Task brief:
Within the entries below, the lines from the one with "St. Antonius Mantinghausen" through the one with "省エネ機器の導入に関する助成" are to be set down exactly, both ends kept.

Listed records:
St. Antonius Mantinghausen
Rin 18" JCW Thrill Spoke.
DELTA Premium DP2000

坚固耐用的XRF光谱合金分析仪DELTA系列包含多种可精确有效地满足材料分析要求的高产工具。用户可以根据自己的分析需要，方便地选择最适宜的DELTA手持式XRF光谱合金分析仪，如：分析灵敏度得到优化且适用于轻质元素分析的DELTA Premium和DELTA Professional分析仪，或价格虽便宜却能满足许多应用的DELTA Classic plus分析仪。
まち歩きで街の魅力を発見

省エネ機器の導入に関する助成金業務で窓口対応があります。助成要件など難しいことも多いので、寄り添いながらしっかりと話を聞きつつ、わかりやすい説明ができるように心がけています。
...
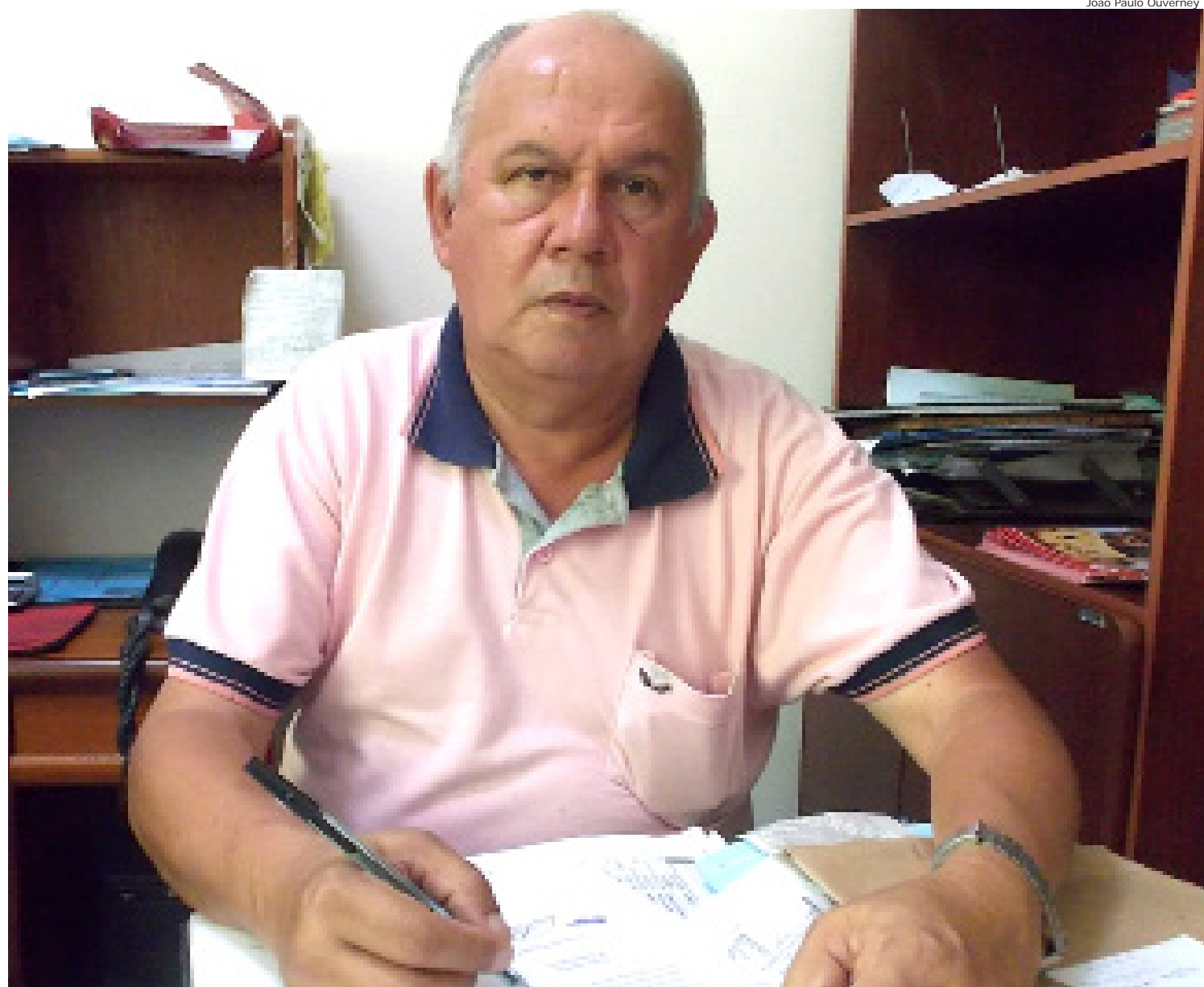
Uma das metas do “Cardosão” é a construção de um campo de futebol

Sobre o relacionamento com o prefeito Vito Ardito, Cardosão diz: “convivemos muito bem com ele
* * *
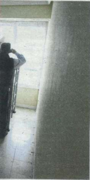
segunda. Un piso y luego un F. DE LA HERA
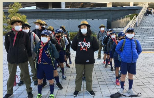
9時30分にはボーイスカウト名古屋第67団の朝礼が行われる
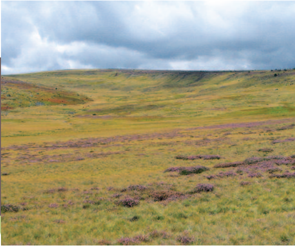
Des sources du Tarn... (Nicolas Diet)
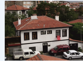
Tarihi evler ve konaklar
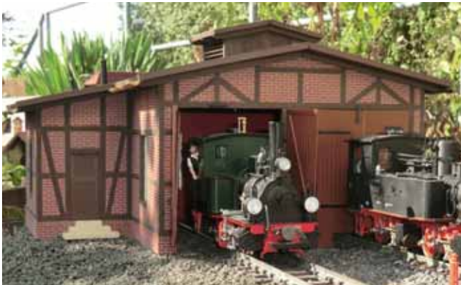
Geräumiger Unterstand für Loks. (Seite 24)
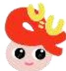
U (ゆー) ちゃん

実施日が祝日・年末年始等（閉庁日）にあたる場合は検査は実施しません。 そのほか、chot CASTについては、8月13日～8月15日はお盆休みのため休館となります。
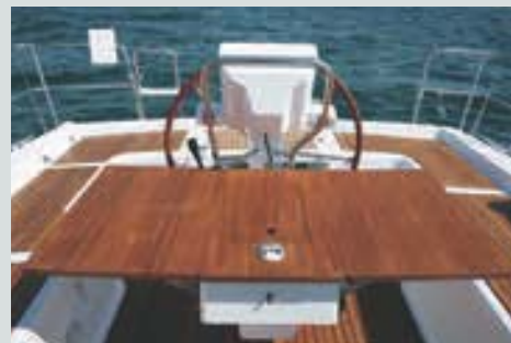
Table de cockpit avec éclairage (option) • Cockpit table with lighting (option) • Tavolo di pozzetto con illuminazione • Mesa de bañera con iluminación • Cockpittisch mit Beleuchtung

Exercise solution:
St. Antonius Mantinghausen
Rin 18" JCW Thrill Spoke.
DELTA Premium DP2000

坚固耐用的XRF光谱合金分析仪DELTA系列包含多种可精确有效地满足材料分析要求的高产工具。用户可以根据自己的分析需要，方便地选择最适宜的DELTA手持式XRF光谱合金分析仪，如：分析灵敏度得到优化且适用于轻质元素分析的DELTA Premium和DELTA Professional分析仪，或价格虽便宜却能满足许多应用的DELTA Classic plus分析仪。
まち歩きで街の魅力を発見

省エネ機器の導入に関する助成金業務で窓口対応があります。助成要件など難しいことも多いので、寄り添いながらしっかりと話を聞きつつ、わかりやすい説明ができるように心がけています。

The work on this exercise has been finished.